**What to work on**
Render every line of the data exactly as written, and leave out the pictures.

**Records for processing**
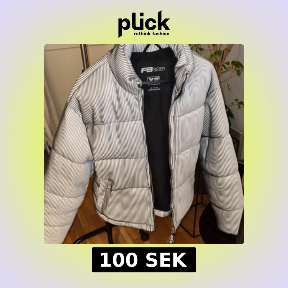 Snygg pufferjacka från FB Sister i storlek XS. Jackan är vit med svarta tunna ränder, har dragkedja framtill och två fickor. Perfekt för dig som vill ha en cool och trendig look under kyliga dagar.
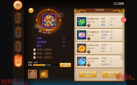 活动,神器副本,商城都可以获得未鉴定的元神,消耗对应等级的鉴定符即可鉴定使用(每个元神都有三条属性)。
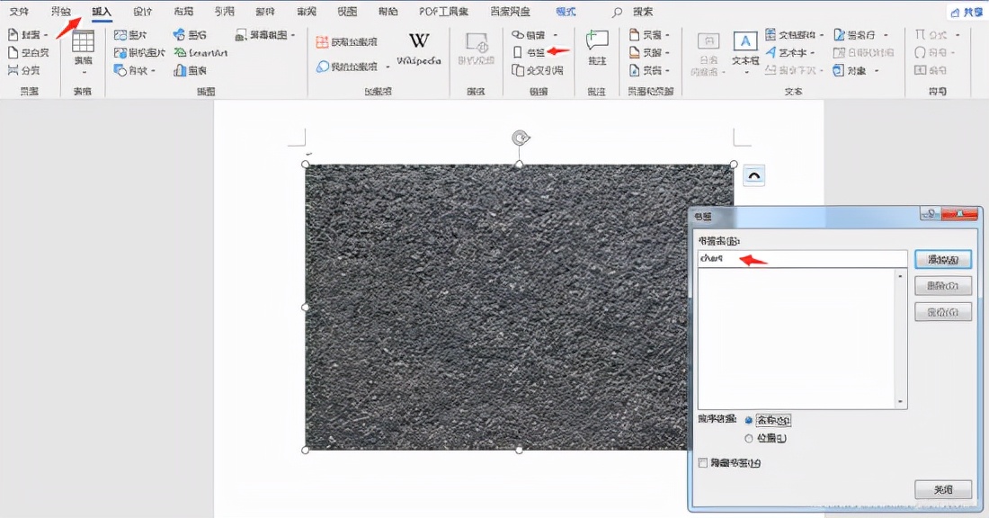 1. 在Word模版中需要插入图片的位置插入一张模版图片,然后鼠标单击模板图片插入一个书签,设置书签名称,比如chart,最后点击【添加】按钮:
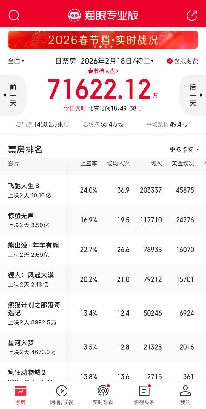 《飞奔东说念主生3》的排片口角常多的,这部电影是全球的首选,若是不出恐怕,这部电影细目是本年的春节档冠军,基本上是板上钉钉的事情了,但是《惊蛰无声》和《镖东说念主:风起大漠》的质料也在线。
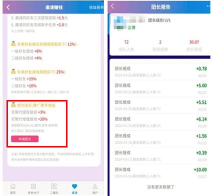 在开始推荐哆啦钻之前,小编在平台上进行过简单的任务操作以及推广,获得了一点小小的收益,同时自己也升级到团长。不过,对这个平台的收益,可以说还是有些不满意,不过玩还是可以玩,现在也趁早,升级团长的难度不大,大家可以试一下。
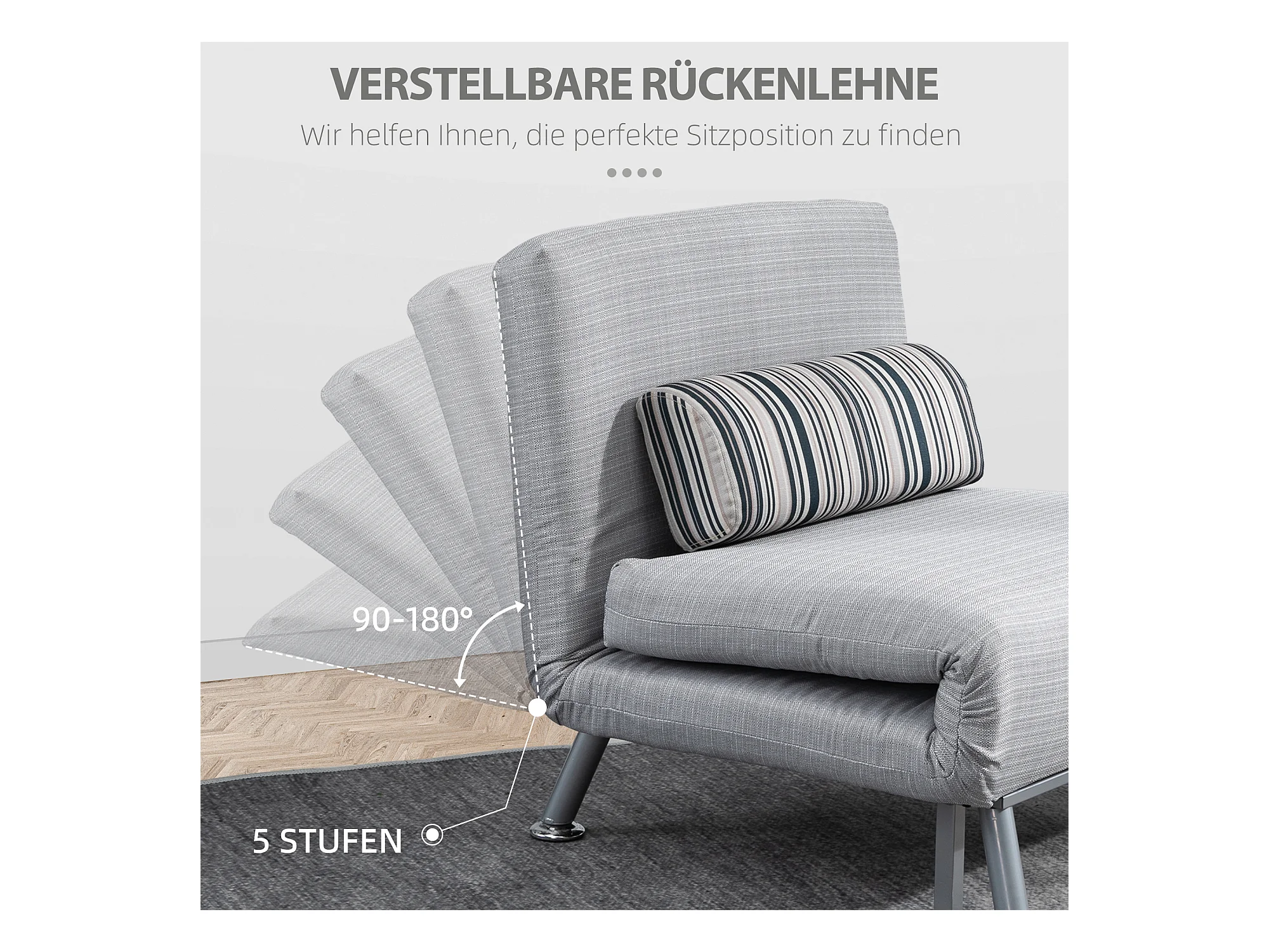 Fauteuil au sol avec dossier réglable, fonction lit, tissu en polyester, gris (72x71x60 cm)

**Response to this exercise**
 Snygg pufferjacka från FB Sister i storlek XS. Jackan är vit med svarta tunna ränder, har dragkedja framtill och två fickor. Perfekt för dig som vill ha en cool och trendig look under kyliga dagar.
 活动,神器副本,商城都可以获得未鉴定的元神,消耗对应等级的鉴定符即可鉴定使用(每个元神都有三条属性)。
 1. 在Word模版中需要插入图片的位置插入一张模版图片,然后鼠标单击模板图片插入一个书签,设置书签名称,比如chart,最后点击【添加】按钮:
 《飞奔东说念主生3》的排片口角常多的,这部电影是全球的首选,若是不出恐怕,这部电影细目是本年的春节档冠军,基本上是板上钉钉的事情了,但是《惊蛰无声》和《镖东说念主:风起大漠》的质料也在线。
 在开始推荐哆啦钻之前,小编在平台上进行过简单的任务操作以及推广,获得了一点小小的收益,同时自己也升级到团长。不过,对这个平台的收益,可以说还是有些不满意,不过玩还是可以玩,现在也趁早,升级团长的难度不大,大家可以试一下。
 Fauteuil au sol avec dossier réglable, fonction lit, tissu en polyester, gris (72x71x60 cm)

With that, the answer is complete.